Uşak kapıdan içeri girdi:
- Fahri geldi.
- Yanımıza gelsin.
- Yalnız mısın? – İçeri gelen Fahri’ye sordu.
- Allah yanımda, kont, - Yalnız olduğunda her zaman yaptığı gibi Fahri yanıt verdi.
- Senden Allah’ını sormak istemedim, - Kont gülümsedi, - Yanından ayrılmayan o avare Orhan da gelmiş mi diye sormak istemiştim.
- Orhan evde, iyileşmeye çalışıyor, - Kontun arkadaşını küçümsemesine aldırmadan Fahri yanıtını verdi, - Sana selam söylememi istedi.
- Nedir rahatsızlığı? – Gönderilen selamı umursamaz bir tavırla Charles de Ferriole sordu.
- Limanda yaraladılar.
- Onun delilik yapabileceğini sana söylemiştim…
- Hayır, hayır, - Kontun başlattığı konuşmayı Fahri kesti, - Senin düşündüğün gibi değil.
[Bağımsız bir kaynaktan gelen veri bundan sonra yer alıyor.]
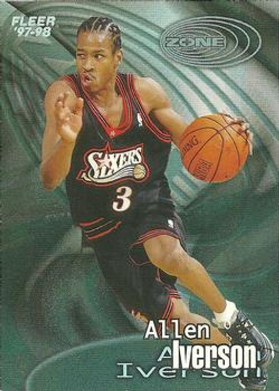 The Allen Iverson 1997 Fleer #9Z Zone card is 1 of 14 Allen Iverson's card variations in the 1997 Fleer set being tracked by Sports Card Investor, including #3 Base, #300 Base, #3 Crystal, #300 Crystal, and #300 Tiffany.
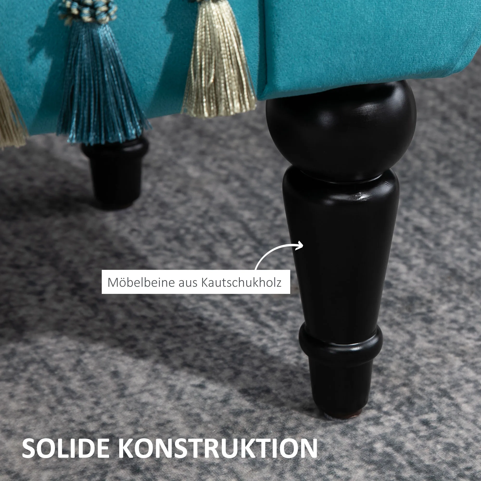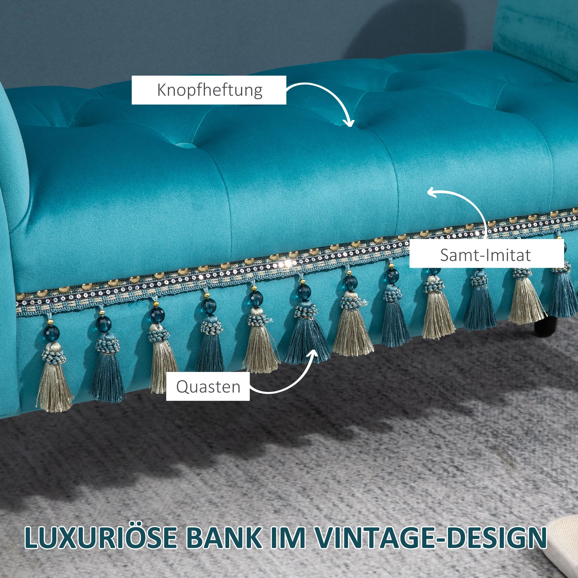 Verleihe deinem Zuhause einen Hauch von Eleganz mit dieser stilvollen Sitzbank. Ihr luxuriöses Vintage-Design, gekennzeichnet durch die schöne Knopfheftung und geschwungene Formen, zitiert die Ästhetik vergangener Epochen. Gefertigt aus robustem Massivholz, garantiert diese Bettbank Stabilität und Langlebigkeit.
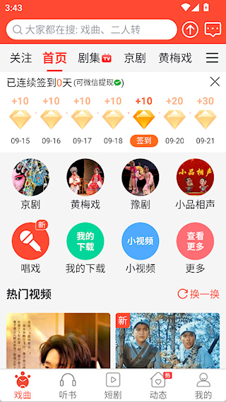 4、利用推荐:多浏览智能推荐内容,能发现更多符合自己喜好的戏曲资源,挖掘新的精彩。
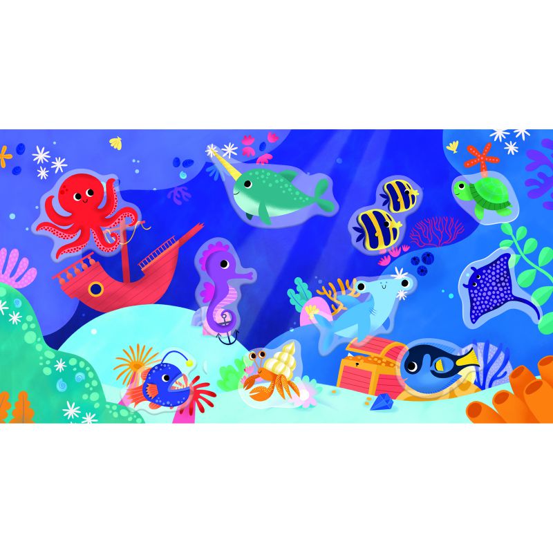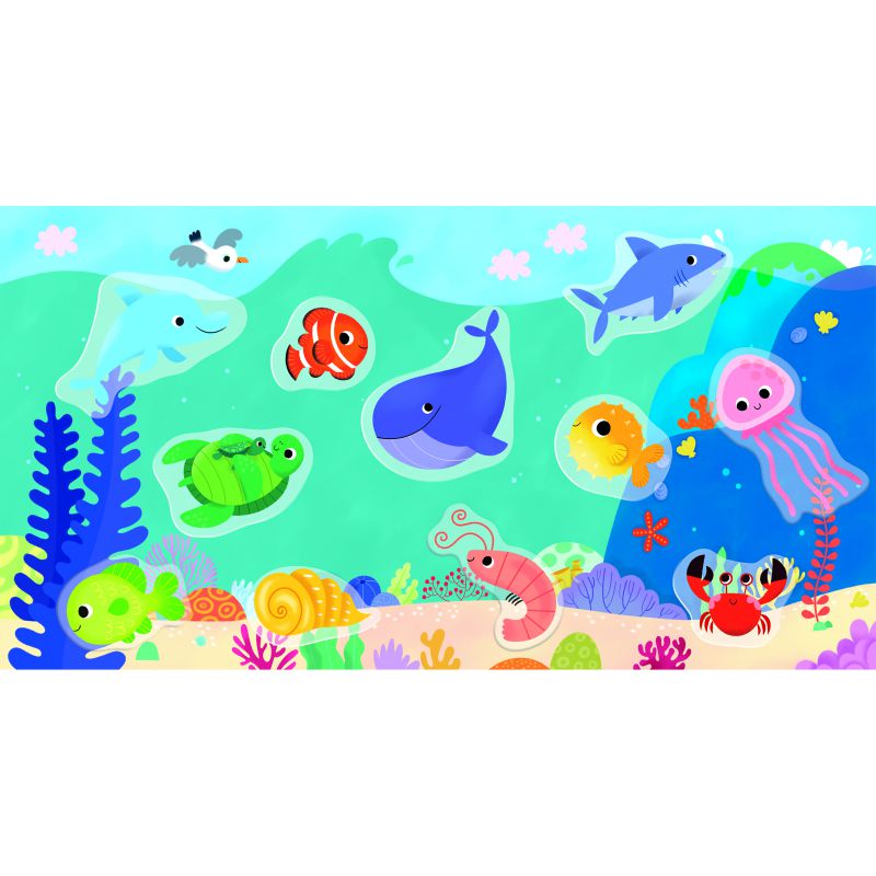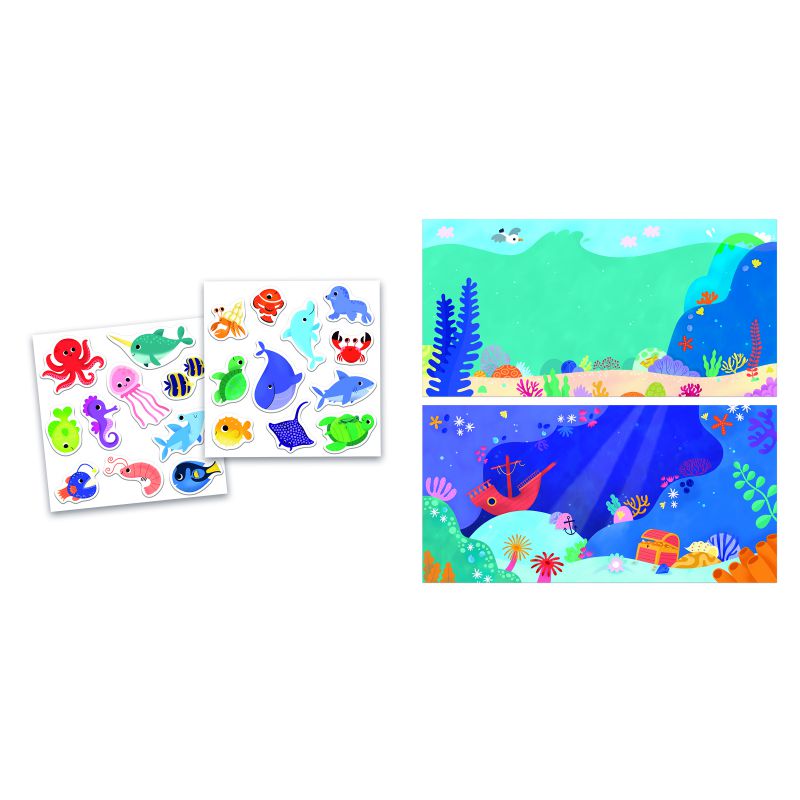reposicionables en un decorado de doble cara: una con el fondo del mar diurno y la otra nocturno. Las pegatinas tienen una base transparente para integrarse en el decorado. El estuche contiene 1 decorado reversible y 2 láminas de pegatinas gruesas reposicionables sin límite. Si dejan de pegar, solo hay que mojarlas para seguir jugando durante horas.
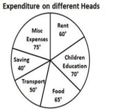 Monthly expenditure of a fmaily on different heads is shown in the following pie chart.
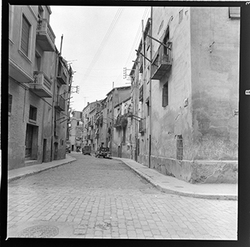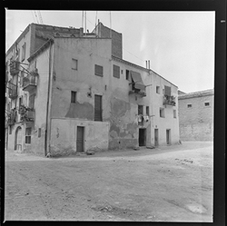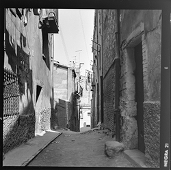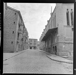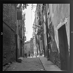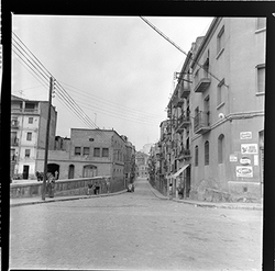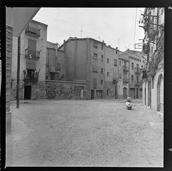 "Vista d’un carrer de la zona alta del Canyeret, amb uns edificis apuntalats amb bigues de ferro; possiblement sigui el Carrer de la Parra"
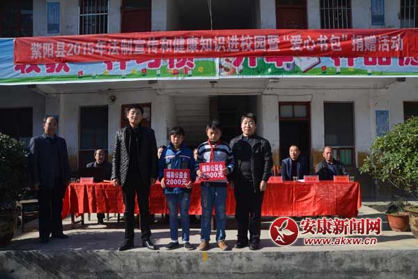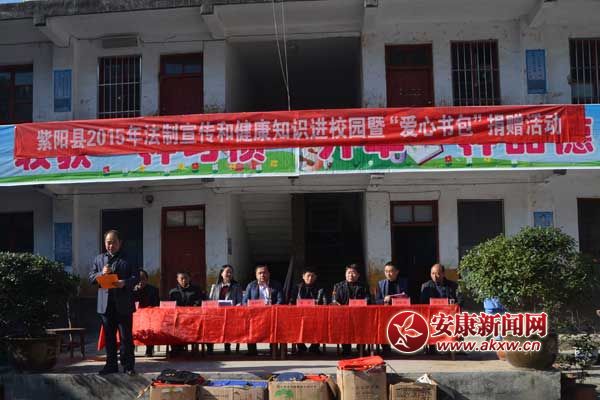 安康新闻网讯 (通讯员 肖宝) 在“12•4”国家宪法日暨全国法制宣传日即将到来之际,11月26日,由紫阳团县委举办的紫阳县2015年法制宣传和健康知识进校园暨“爱心书包”捐赠活动走进斑桃小河小学。活动现场,紫阳团县委为全校学生购买了价值1.5万元的爱心书包和手套,并及时发放到了每个学生的手中。

Peşinde olduğum İsam’ı buldu ama yakalamaya gücü yetmedi.
- Öyle mi? Öyleyse iyi… - “Yabancı bir ülkedeki sırlarımızı ne diye Laroche’a bildirelim ki?” dedi içinden Charles de Ferriole, Fahri’nin gelmesinden önceki karı-kız işine şaka yollu dönüş yaptı: - Fahri, konuğum iki haftadır İstanbul’da, ama İstanbul denen şeyi henüz görmüş değil. Konuğumuz için ne yapsak?
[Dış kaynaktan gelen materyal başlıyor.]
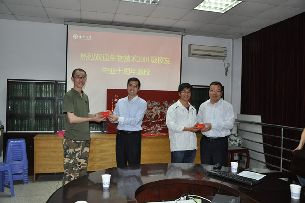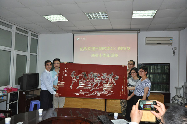 2015年5月23日至24日,生物科学与技术学院生技2001级校友毕业十周年返校聚会,院党委书记孙云寿、副书记王汉林、副院长潘志明,以及班主任、辅导员、部分任课老师应邀参加活动。
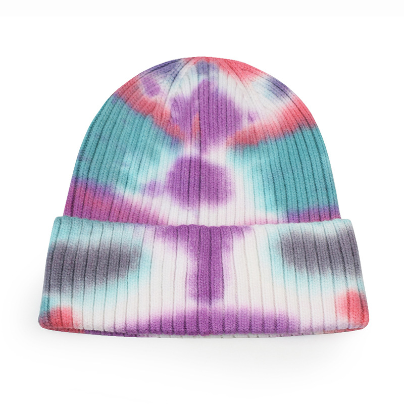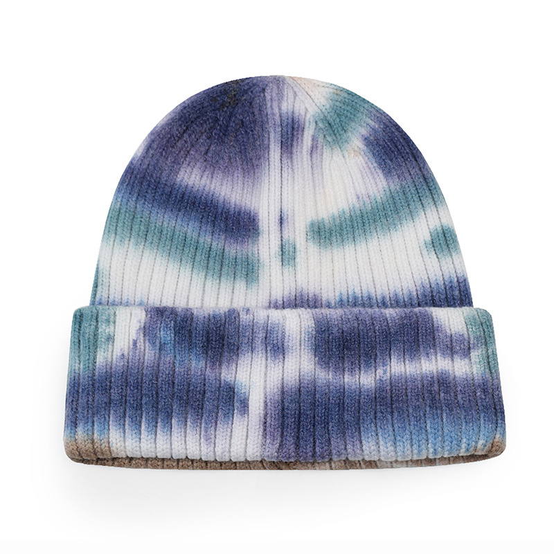 秋冬季嘻哈潮流针织帽跨境欧美扎染帽子女日系保暖帽时尚毛线帽男

- Yeter ki sen söyle, kont.
- Öyleyse diyeceğimi yap: Laroche’u en mükemmel kadın evlerinden (хьарам) birine hemen götür.
- Hemen şimdi o işe hazırlıklı değilim!.. – Diye Laroche heyecanlandı.
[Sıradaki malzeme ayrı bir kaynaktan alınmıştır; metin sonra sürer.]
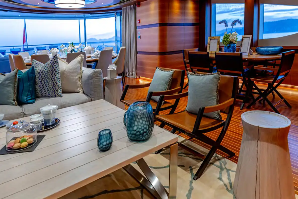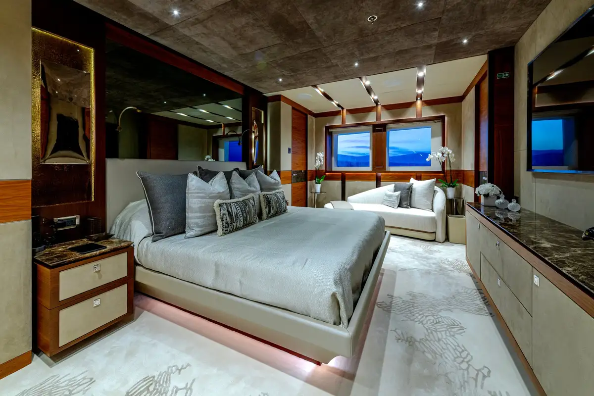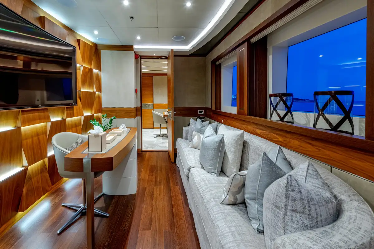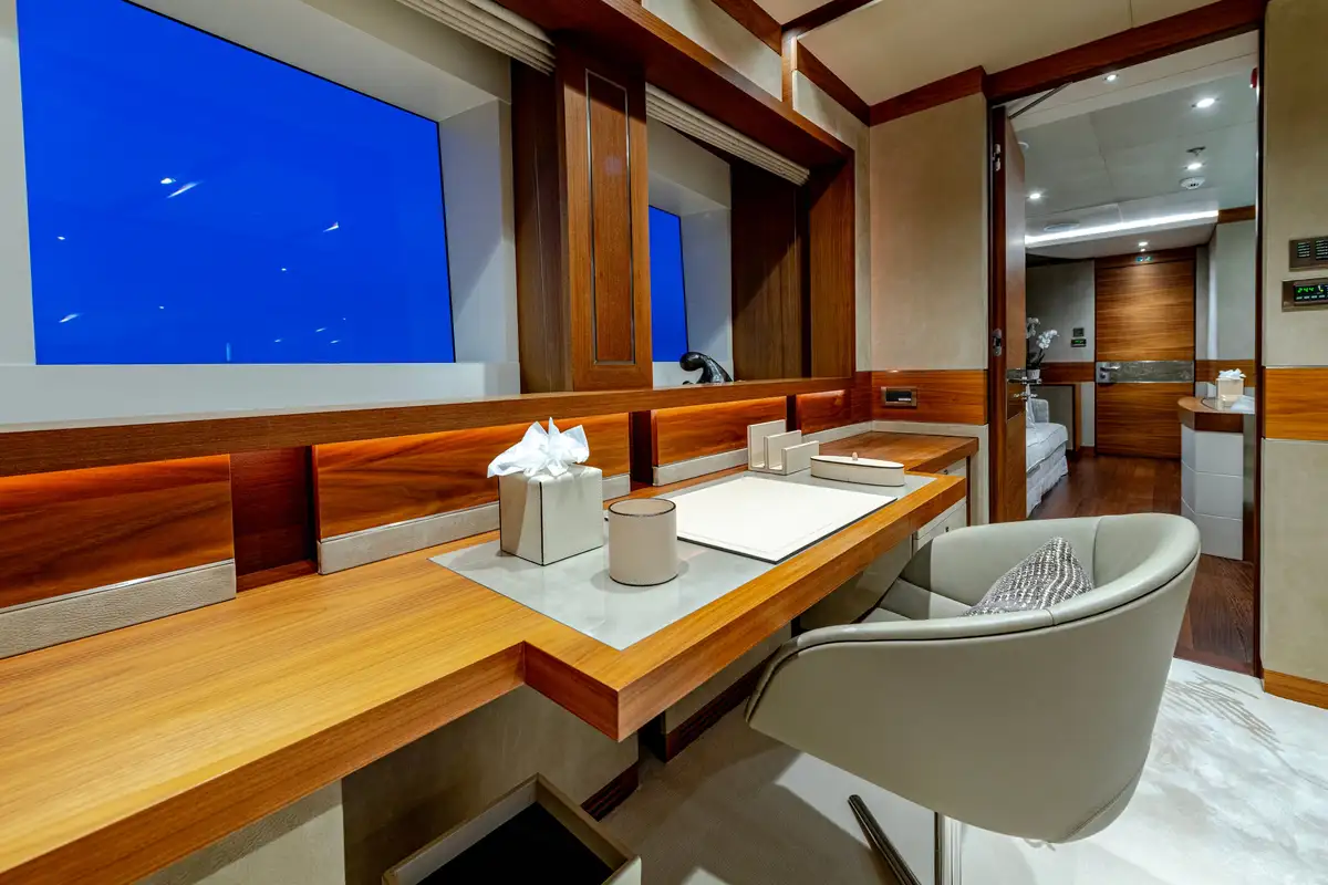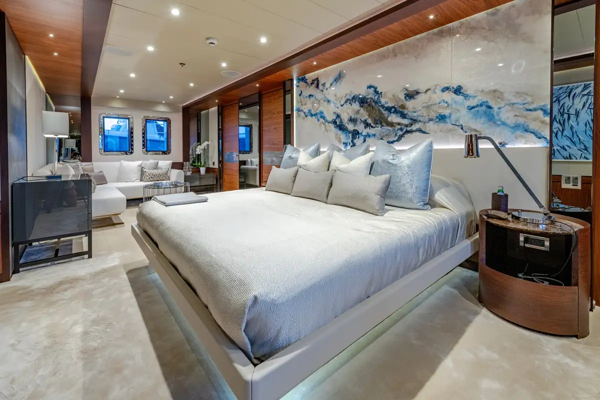 Designed for multiple family use, QUASAR offers flexible accommodation for up to 12 guests across six comfortable cabins. An innovative layout features two master cabins, the first of which can be found on the main deck and boasts a private office, while the second is on the lower deck and enjoys a private lounge.
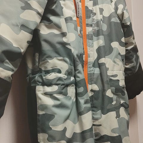 Yhden tytön käyttämä lämmin talvihaalari huippuominaisuuksilla. Kunnosta en löydä muuta moitittavaa, kuin ripustusrenksu on irronnut ja hihan alaosassa hieman kulumaan, kts. kuva. Polvissa pientä pehmentymää.
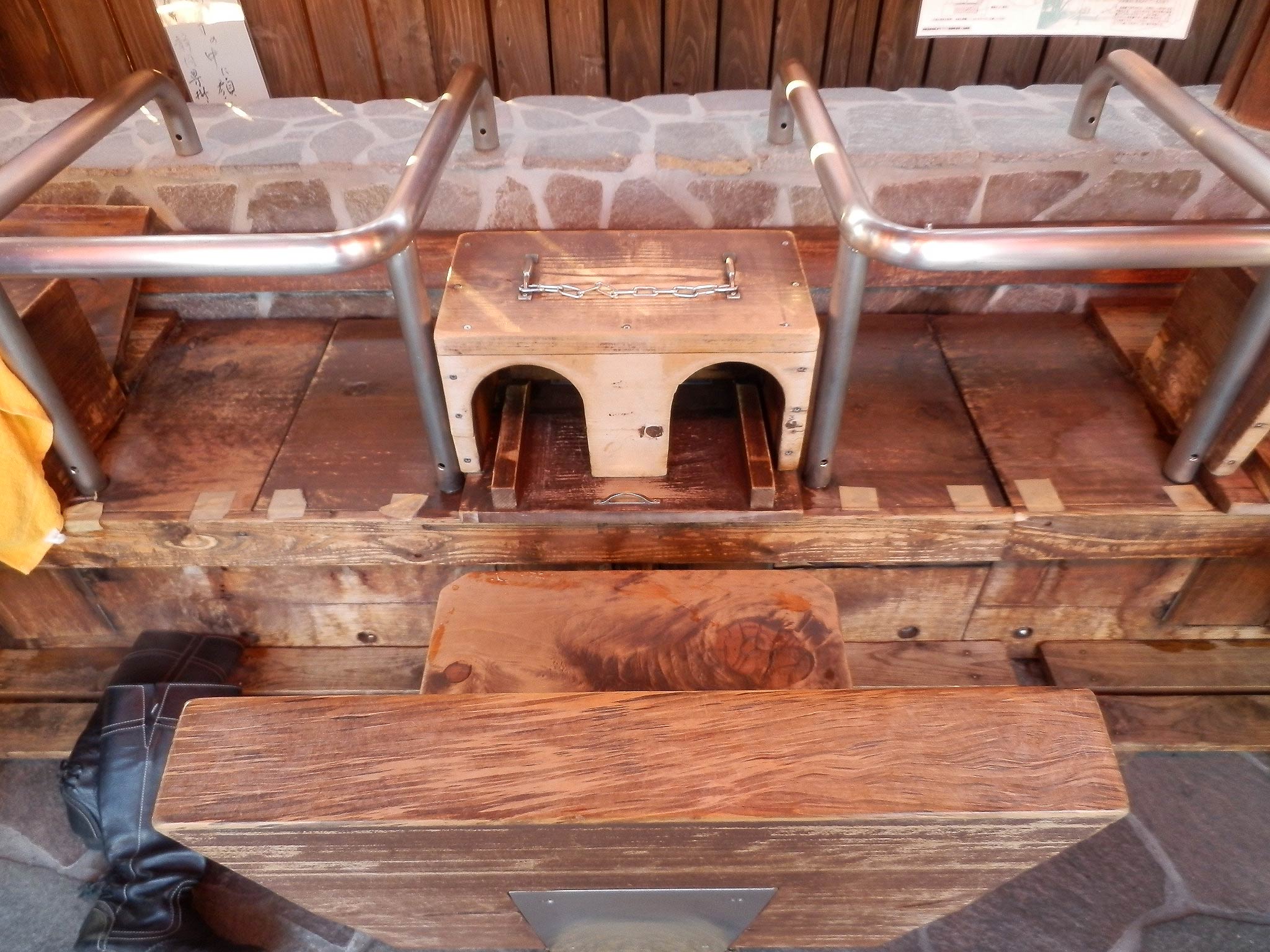 受付で浴衣をレンタルし(Tシャツと短パンを持参なら無料)脱衣場へ入るとまず係の方から「浴室で前と後ろだけ洗ってから湯浴み着に着替えてください」との説明を受ける。浴衣に着替えると今度はむし湯に入る為の説明を受ける。むし湯に入る時間は8分〜15分?で好きな時間を選べ、時間が経つと声を掛けてくれます。

- Hemen şimdi, yarın, yarından sonra değil! – “Bizim sırrımızı bildiğin gibi senin de bir sırrını öğrenmiş olalım” diye Charles de Ferriole kestirip attı, yumuşak tatlı bir sözle konuşmasını bağladı: - Bu işe hazır değilim dersen, hiç merak etme, gittiğin o yerde seni o işe hazır hale getirirler.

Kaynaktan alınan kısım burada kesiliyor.